Your goal — Pictures stay out; everything else in the listing below is to be restated word for word.

Data excerpt —
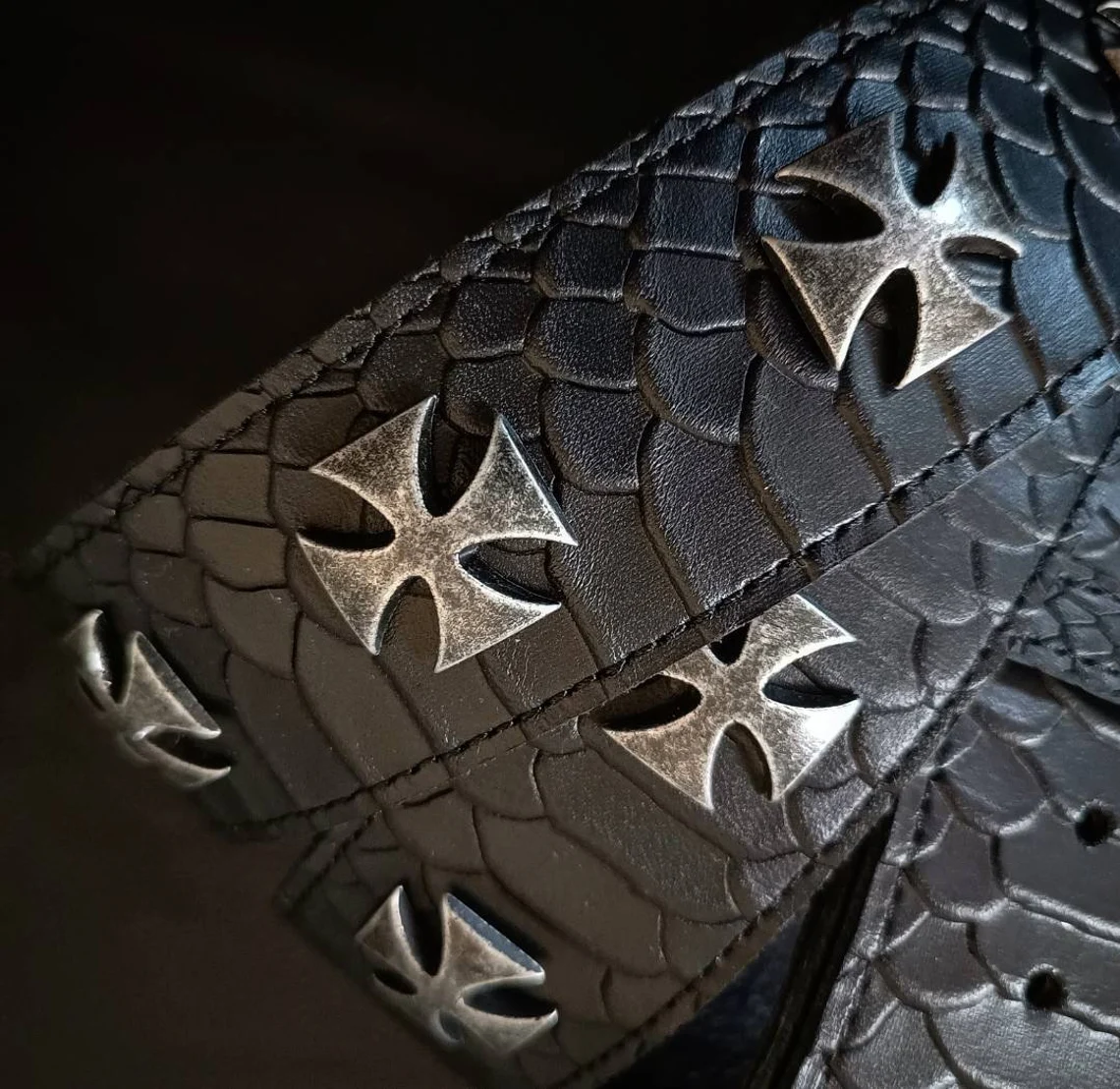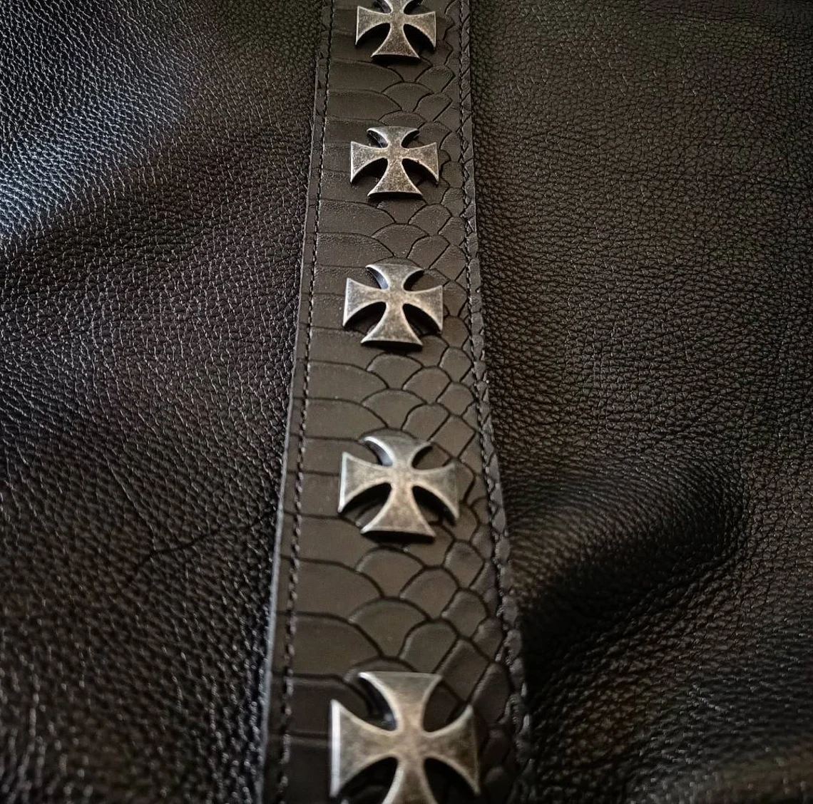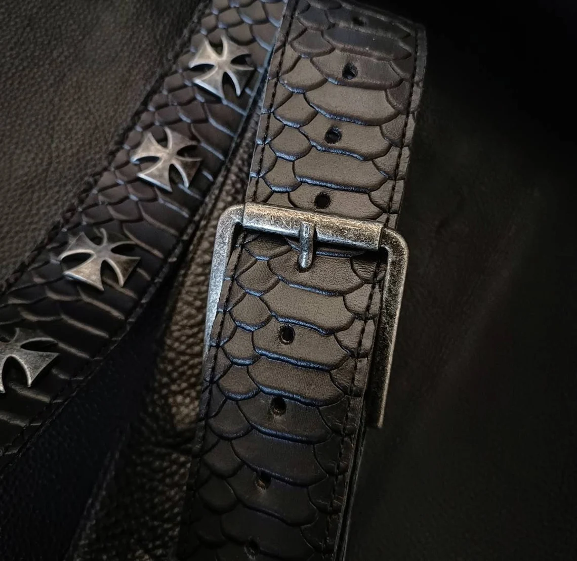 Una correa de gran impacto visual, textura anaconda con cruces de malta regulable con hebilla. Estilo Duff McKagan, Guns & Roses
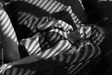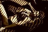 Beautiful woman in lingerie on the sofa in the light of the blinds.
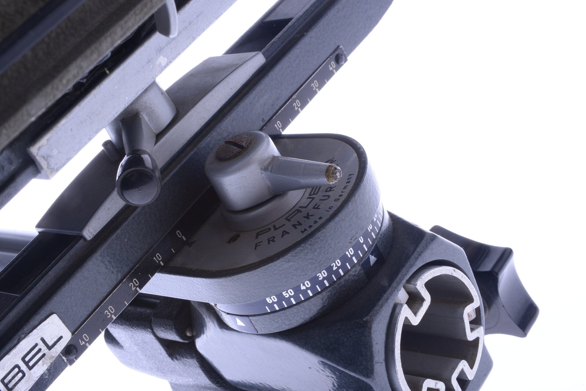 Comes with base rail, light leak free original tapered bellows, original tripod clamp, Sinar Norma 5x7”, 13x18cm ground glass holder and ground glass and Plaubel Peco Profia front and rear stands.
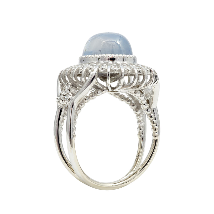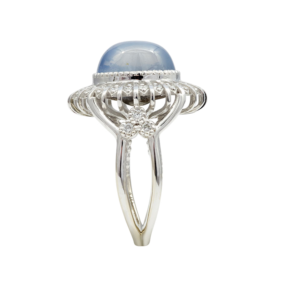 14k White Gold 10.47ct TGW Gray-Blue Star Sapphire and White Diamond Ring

Task response —
 Una correa de gran impacto visual, textura anaconda con cruces de malta regulable con hebilla. Estilo Duff McKagan, Guns & Roses
 Beautiful woman in lingerie on the sofa in the light of the blinds.
 Comes with base rail, light leak free original tapered bellows, original tripod clamp, Sinar Norma 5x7”, 13x18cm ground glass holder and ground glass and Plaubel Peco Profia front and rear stands.
 14k White Gold 10.47ct TGW Gray-Blue Star Sapphire and White Diamond Ring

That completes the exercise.